Re: Are _T() and TEXT() macros equivalent?

From:

"Doug Harrison [MVP]" <dsh@mvps.org>

Newsgroups:

microsoft.public.vc.mfc

Date:

Sun, 15 Apr 2007 13:27:55 -0500

Message-ID:

<edo423t729vfn8im94p09v7kljs04kfgbl@4ax.com>

On Sat, 14 Apr 2007 15:50:53 GMT, "David Ching" <dc@remove-this.dcsoft.com>
wrote:

"Mihai N." <nmihai_year_2000@yahoo.com> wrote in message
news:Xns991223EABEAMihaiN@207.46.248.16...

To say that it is FUNDAMENTAL to the
language that sizeof(char) == 1?

When something is part of the standard, is used (as an implicit
assumption)
by every single application developed in that language for the last 30
years,
and every single such application will break if this changes, then yes,
it is fundamental.

Err, no. HelloWorld.cpp does not make use of the fact that sizeof(char) ==
1. That's my point. Many modern apps are Unicode native and wouldn't make
this assumption either.

Your argument would be better served by listing the sorts of things that
would break rather than holding "Hello, world" up as something that would
not break. I don't know about everyone, but I don't get a lot of mileage
out of "Hello, world".

It also doesn't help to mock and deny facts, and I've previously stated
several facts in this thread. It is a fact that the definition of the
language equates the terms "byte" and "char", defines sizeof(char) == 1,
and measures object size in terms of bytes (chars).
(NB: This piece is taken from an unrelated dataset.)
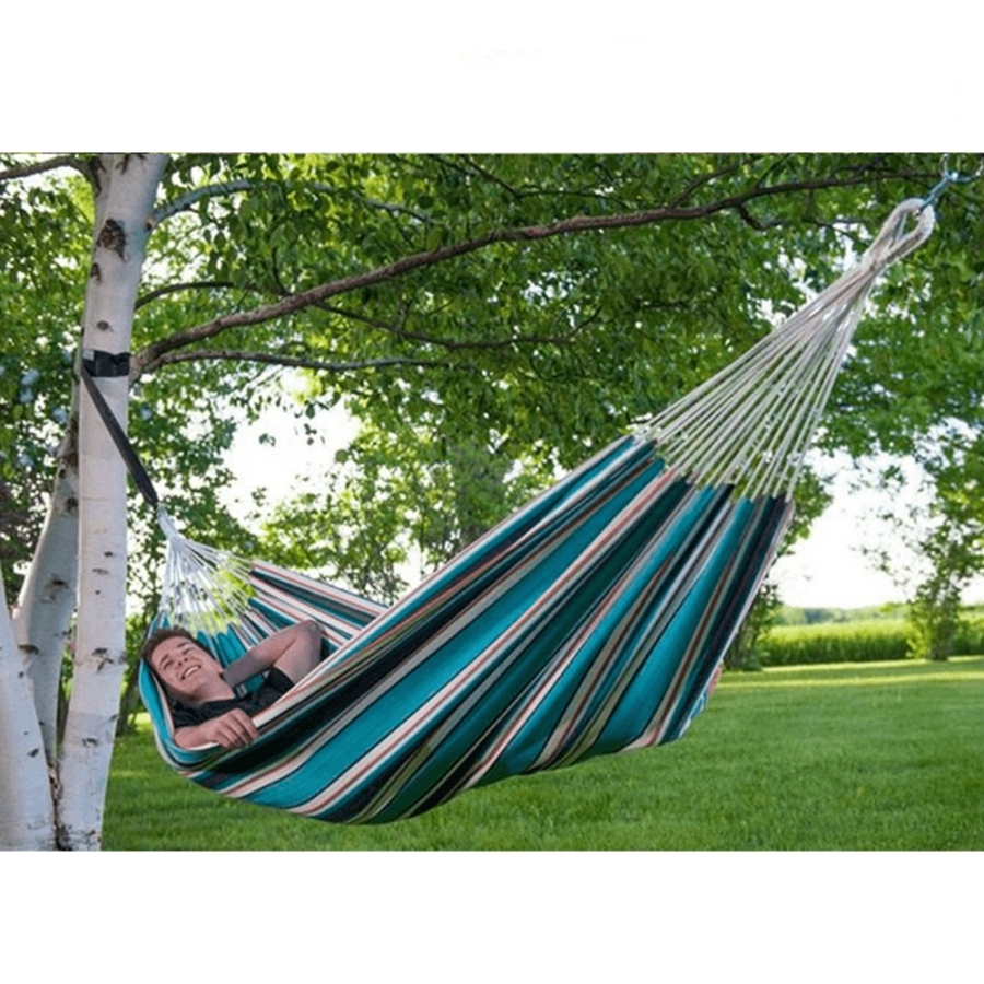 Hálók anyaga: 50% pamut/50% poliészter Szín: minta - kék csík Méretek (SzéxHo): 160x220 cm Teljes hossz: 320 cm Teherbírás: 200 kg Alkalmas két személy számára Alkalmas bel és kültérre egyaránt Használható beltérben és kültérben is Különböző felfüggesztés lehetősége Állvány nélkül szállítjuk Szétszerelve szállítjuk

It doesn't get any more
"fundamental" than this, and like I said several messages ago, "char is the
fundamental unit of addressing in C and C++." I don't know if you've
actually stated it as such, but what you are proposing is to introduce a
new type "byte" to liberate "char" from its duties as the quantum of object
size and representation. If you are at all serious about convincing people
who know the language, you should:

1. Go through the standard and list the sections that use char as byte.

2. Collect and present the ways programs make use of (1).

3. Describe the transformations that would be necessary to fix (2) after
changing (1).

4. Describe the difficulty and degree of automation possible to implement
(3).

5. Show why it's worth it to require updating 35+ years of C and 20+ years
of C++ code to conform to the new language.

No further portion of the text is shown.